Data excerpts:

--- START ---

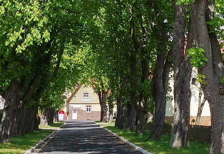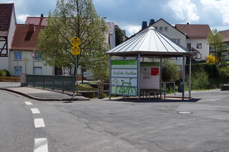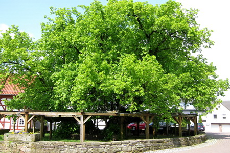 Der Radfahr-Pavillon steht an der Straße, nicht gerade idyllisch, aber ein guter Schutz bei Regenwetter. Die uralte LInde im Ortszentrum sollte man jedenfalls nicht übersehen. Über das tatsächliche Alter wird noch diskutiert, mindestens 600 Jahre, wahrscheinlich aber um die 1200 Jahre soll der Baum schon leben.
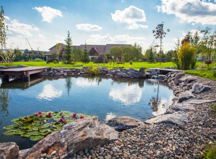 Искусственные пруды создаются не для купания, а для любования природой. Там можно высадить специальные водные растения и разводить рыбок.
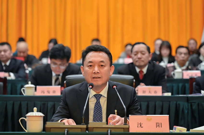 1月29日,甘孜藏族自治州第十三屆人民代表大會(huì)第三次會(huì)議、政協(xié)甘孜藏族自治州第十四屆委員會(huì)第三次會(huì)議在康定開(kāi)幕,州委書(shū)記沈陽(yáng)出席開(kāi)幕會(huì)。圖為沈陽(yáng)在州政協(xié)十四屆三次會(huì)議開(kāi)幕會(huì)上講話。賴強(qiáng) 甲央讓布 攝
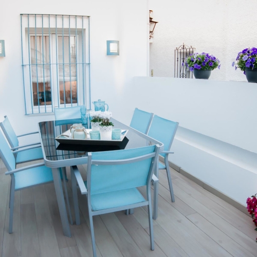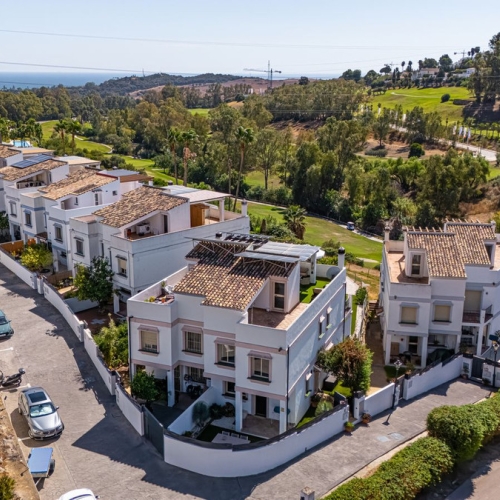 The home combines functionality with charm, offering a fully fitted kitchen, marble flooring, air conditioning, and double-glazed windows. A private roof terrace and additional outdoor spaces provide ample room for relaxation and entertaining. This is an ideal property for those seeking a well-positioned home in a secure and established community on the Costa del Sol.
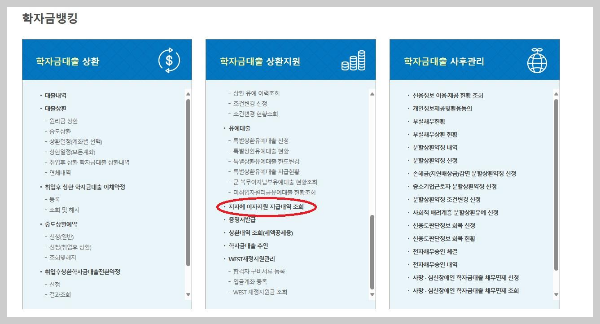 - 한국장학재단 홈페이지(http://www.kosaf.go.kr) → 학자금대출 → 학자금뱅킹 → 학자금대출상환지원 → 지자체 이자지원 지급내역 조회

--- END ---

> Problem to solve
Your answer must be an exact copy of every entry, with no pictures in it.

> Reply to the task
 Der Radfahr-Pavillon steht an der Straße, nicht gerade idyllisch, aber ein guter Schutz bei Regenwetter. Die uralte LInde im Ortszentrum sollte man jedenfalls nicht übersehen. Über das tatsächliche Alter wird noch diskutiert, mindestens 600 Jahre, wahrscheinlich aber um die 1200 Jahre soll der Baum schon leben.
 Искусственные пруды создаются не для купания, а для любования природой. Там можно высадить специальные водные растения и разводить рыбок.
 1月29日,甘孜藏族自治州第十三屆人民代表大會(huì)第三次會(huì)議、政協(xié)甘孜藏族自治州第十四屆委員會(huì)第三次會(huì)議在康定開(kāi)幕,州委書(shū)記沈陽(yáng)出席開(kāi)幕會(huì)。圖為沈陽(yáng)在州政協(xié)十四屆三次會(huì)議開(kāi)幕會(huì)上講話。賴強(qiáng) 甲央讓布 攝
 The home combines functionality with charm, offering a fully fitted kitchen, marble flooring, air conditioning, and double-glazed windows. A private roof terrace and additional outdoor spaces provide ample room for relaxation and entertaining. This is an ideal property for those seeking a well-positioned home in a secure and established community on the Costa del Sol.
 - 한국장학재단 홈페이지(http://www.kosaf.go.kr) → 학자금대출 → 학자금뱅킹 → 학자금대출상환지원 → 지자체 이자지원 지급내역 조회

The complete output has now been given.